Corrective and preventive action (CAPA is used across various industries to improve product quality and optimize the production process. In the United States, certain sectors such as pharmaceuticals and food processing are required by law to have CAPA plans in place. Other industries, including the apparel industry, have opted to adopt the framework to root our potential quality-related issues to save brands time and money in the long run.

CAPA can be broken down into two different segments. The first segment, corrective action, focuses on correcting quality issues by finding the cause or causes so that the same type of issue does not occur again. The second, preventive action, focuses on identifying and eliminating causes of potential quality problems before they can cause quality defects. Corrective action is reactive, the brand must step in when the problem has already surfaced, but preventive action hopes to find and resolve quality issues before they even begin. Corrective and preventive action can be used together to dwindle down the percentage of quality defects in a production run.

Steps in a Corrective Action Plan

Identify and Document the Problem: Once an issue with quality comes to the attention of the brand, more research is needed to determine the extent of the issue. Quality managers must look into whether it is an isolated incident or something that could continue to cause problems in the future. Upper management must also be informed of the quality issue in order to take next steps. 
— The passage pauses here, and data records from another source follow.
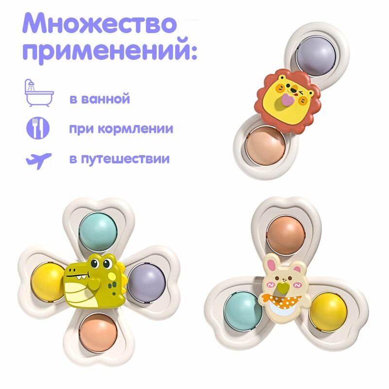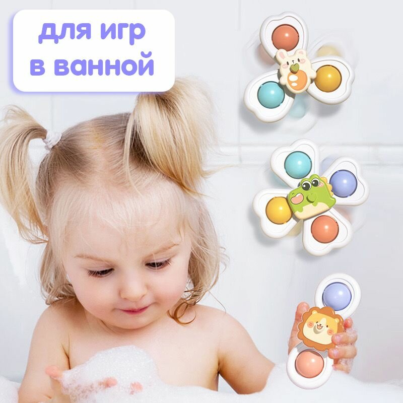 Набор игрушек для ванной детские спиннеры на присоске 3 штуки для купания с погремушкой для малышей, детские игрушки для девочек и мальчиков интересное: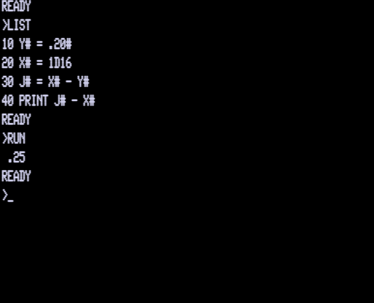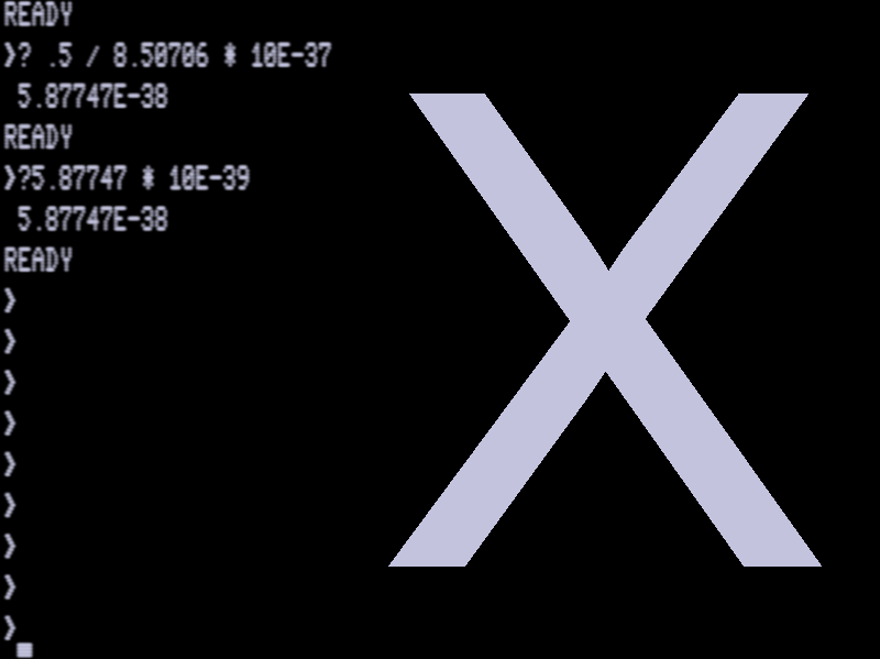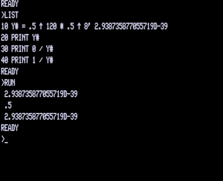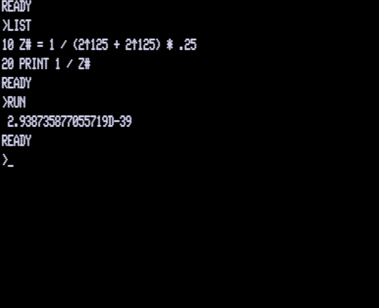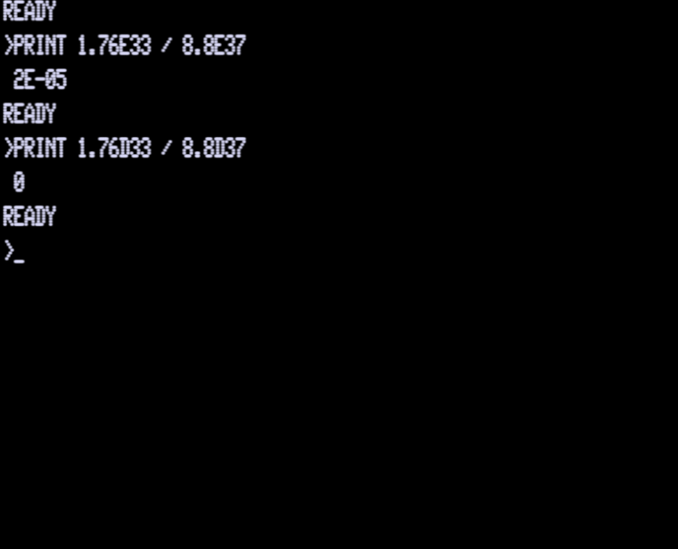 20 PRINT Z# / 1 'displays 0 instead of 2.938735877055719D-39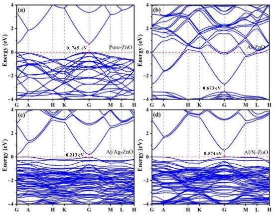 Band structures and band gaps of ZnO (a), metal single doping ZnO (Al-ZnO) (b), metal/metal co-doping ZnO (Al/Ag-ZnO) (c), and metal/non-metal co-doping ZnO (Al/N-ZnO) (d), respectively. The Fermi level is set to zero.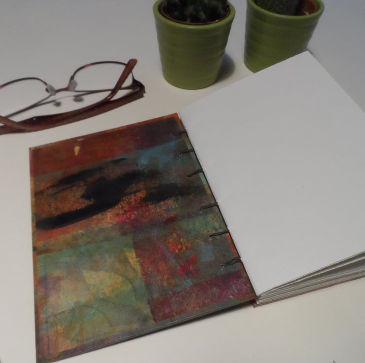 I'm also keen to recycle materials so the pages are recycled from coffee cups and the book cover paper is 'roll off' - the paper I use to roll off spare paint when I'm printing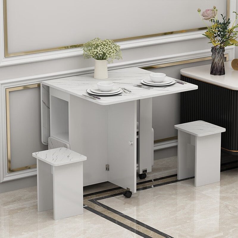 酷林KULIN折叠餐桌 家用白色桌面带储物柜可移动 小户型餐桌饭桌可伸缩价格:267.00元!

Implement a Correction: Once the quality issue has been documented, a correction is needed. This could be a permanent fix such (i.e. repairing a machine that has malfunctioned) or a temporary fix to a more complex problem. 

Find the Cause of the Issue and Determine the Solution: The brand needs to find the root cause of the quality problem to make sure it does not happen again. Once the cause has been found, the brand can work towards finding a solution. 

Implement the Corrective Action: If the brand is confident that their solution will stop the quality issue from occurring again, they can put their plan into action. It is also important to document the procedure for future reference. 

Preventive Action Plan

Unlike corrective action, which has defined steps that can be followed, preventive action has more of a holistic approach. There are certain activities that the brand can perform to make sure quality-related problems do not arise. Some examples include: 

• Creating disaster recovery plans for potential hazards or unexpected situations
   
• Updating safety and security policies
   
• Putting lean practices into effective to reduce waste that can contribute to nonconformities in production
   
• Establish maintenance plans for manufacturing equipment to ensure effectiveness 

There are also certain tools that the brand can use to determine risk in their manufacturing process or how likely it is for there to be a breakdown in quality: 

• Hazard and Operability Study (HAZOP): The purpose of this study is to identify potential problems that could harm personnel or equipment during the production process. 
   
• Failure Modes and Effects Analysis (FMEA): FMEA is designed to identify all the possible failures in a manufacturing process, product, or service. 
   
• Fault Tree Analysis (FTA): This approach to quality management breaks a system down into smaller subsystems to determine where the problem might occur, and how it can affect other parts of the manufacturing process.